## PROMPT
With pictures excluded, repeat exactly the lines from the one containing "Vendredi 10 Avril" through the last line of the material below.
* * * * *
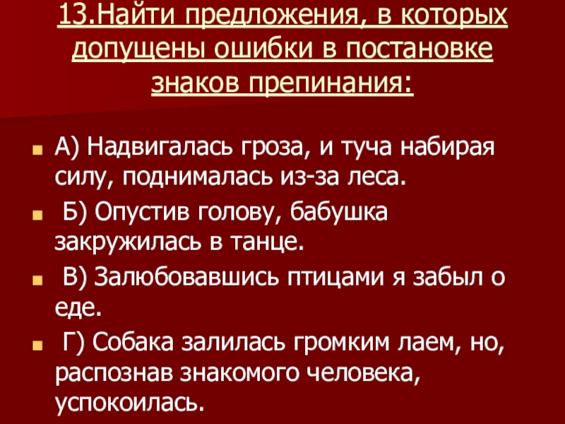 Слайд 1313.Найти предложения, в которых допущены ошибки в постановке знаков препинания:
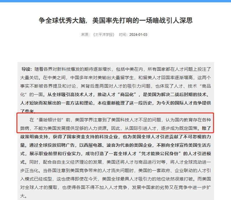 美國社會學家在他的書《美國科學在衰落嗎》寫道,美國之所以沒有衰落,是因爲美國雖然沒有培養出足夠數量的科學家和工程師,但是美國可以吸引全世界最優秀的人才,比如:20多年來,中國一直是美國科學家最重要的外國供應商。
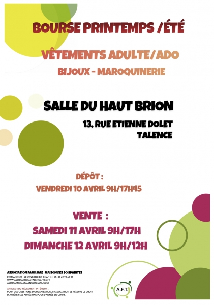 Vendredi 10 Avril 2026Bourse printemps/été adultes/ados
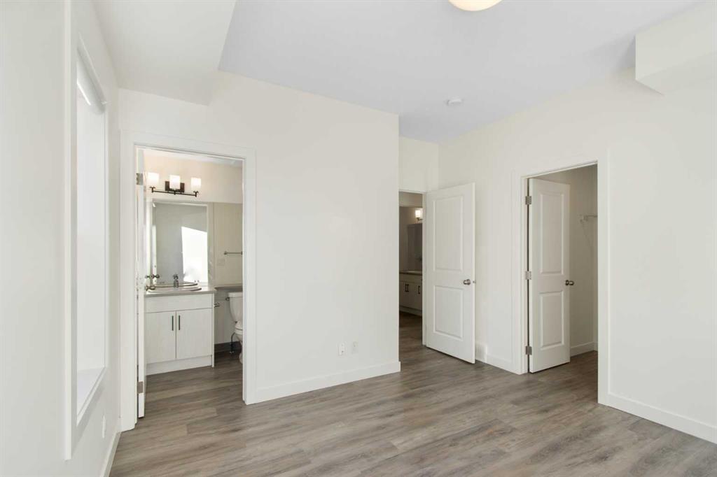 2 Bedroom 2 Bath END unit townhouse with a garage that offers the perfect blend of style and function, with most of the layout conveniently situated on a single level. Step inside and up 1 flight of stairs to the main floor and you will discover an open-concept living area with and a fully equipped kitchen boasting quartz countertops, soft-close drawers, and stylish two-tone cabinets highlighted by pendant lighting. An adjacent, flexible space is perfect for a spacious dining area or a home office. This home has two large bedrooms and two full bathrooms. The primary bedroom features a massive walk-in closet and a 4-piece ensuite. A spacious laundry room adds to the convenience. This unique floor plan is designed to feel like a modern apartment but with the added benefits of a main floor storage/flex area and direct access to an oversized, extended single-car garage.This home is perfectly situated to offer the best of both convenience and community. It’s located right next to a future school site, with transit options directly at your doorstep for effortless commuting. Enjoy a short two-minute walk to Bow Valley High School, and a quick five-minute trip to the Spray Lakes Sports Centre for all your recreational needs. For bigger city amenities, you’re only 20 minutes from South Calgary, and the mountains are within easy reach, with Canmore just a 40-minute drive away.
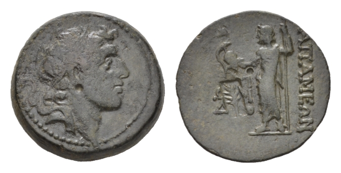 Syria, Apamea on the Axios Bronze Dated SE 163 (150/49 BC)., Æ 21mm., 7.95g. Laureate head right / Zeus standing l.; date and monogram to l.; c/m: palm frond within incuse rectangle. SC 1804a; HGC 9, 904; DCA 133.
* * * * *
## OUTPUT BELOW
 Vendredi 10 Avril 2026Bourse printemps/été adultes/ados
 2 Bedroom 2 Bath END unit townhouse with a garage that offers the perfect blend of style and function, with most of the layout conveniently situated on a single level. Step inside and up 1 flight of stairs to the main floor and you will discover an open-concept living area with and a fully equipped kitchen boasting quartz countertops, soft-close drawers, and stylish two-tone cabinets highlighted by pendant lighting. An adjacent, flexible space is perfect for a spacious dining area or a home office. This home has two large bedrooms and two full bathrooms. The primary bedroom features a massive walk-in closet and a 4-piece ensuite. A spacious laundry room adds to the convenience. This unique floor plan is designed to feel like a modern apartment but with the added benefits of a main floor storage/flex area and direct access to an oversized, extended single-car garage.This home is perfectly situated to offer the best of both convenience and community. It’s located right next to a future school site, with transit options directly at your doorstep for effortless commuting. Enjoy a short two-minute walk to Bow Valley High School, and a quick five-minute trip to the Spray Lakes Sports Centre for all your recreational needs. For bigger city amenities, you’re only 20 minutes from South Calgary, and the mountains are within easy reach, with Canmore just a 40-minute drive away.
 Syria, Apamea on the Axios Bronze Dated SE 163 (150/49 BC)., Æ 21mm., 7.95g. Laureate head right / Zeus standing l.; date and monogram to l.; c/m: palm frond within incuse rectangle. SC 1804a; HGC 9, 904; DCA 133.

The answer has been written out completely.